# Tomato Soup with Rice for Lunch



## Two Knots (Nov 12, 2011)

Too hot to cook, so I made a fast homemade Tomato Soup. I never liked tomato soup but the head guy loves it, so I always made him Campbell’s Tomato Soup…Well, today tried making homemade and it came out great, ( the head guy loved it) even I liked it... I made it with grilled cheese sandwiches. 

Tomato Soup, my way
1 large onion chopped
3 cloves garlic chopped
2 tab olive oil
2 tab butter
sauté chopped onion for about
15 min in oil and butter until brown
then add chopped garlic and sauté
a or two minutes longer.
Transfer to stock pot and add:
4 cups chicken broth
1 28 oz can plum tomatoes that you
put through the blender to smash up
salt/ pepper to taste
8 chopped sage leaves or 2 teaspoons rubbed sage
2 pinches saffron ( optional)
3/4 teaspoons dried thyme
Bring up to a Simmer and simmer for about 15 minutes
then add the cooked rice …last minute cream with 1/2 cup half and half or milk ( I used milk cause I ran out of half and half)
I meant to put a dollop of sour cream in the bowl, but, forgot.


----------



## Nik333 (Mar 1, 2015)

Mama?


----------



## Two Knots (Nov 12, 2011)

Nik333 said:


> Mama?


mama what?


----------



## Nik333 (Mar 1, 2015)

Two Knots said:


> mama what?


I thought my mother had come back.

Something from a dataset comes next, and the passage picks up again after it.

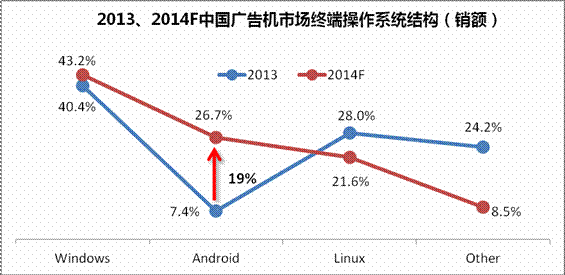 因“政府及公共場所”、“傳媒”等行業受經濟環境及政策影響,增幅與預期差距較大,且因其在行業內比重較大,所以將導致2014年廣告機市場的增長也未能達到預期。但是,因商業服務及零售、教育等細分行業需求旺盛,市場增幅超過預期10%。

That's what we had for lunch as kids, only not so fancy.


----------



## Two Knots (Nov 12, 2011)

If you like tomato soup, you’ll love this soup. I was thinking this is good for a base for Manhattan clam chowder, just add some chopped potatoes, celery, carrots and clams.


----------



## Randy Bush (Dec 9, 2020)

I like tomato with rice soap.


----------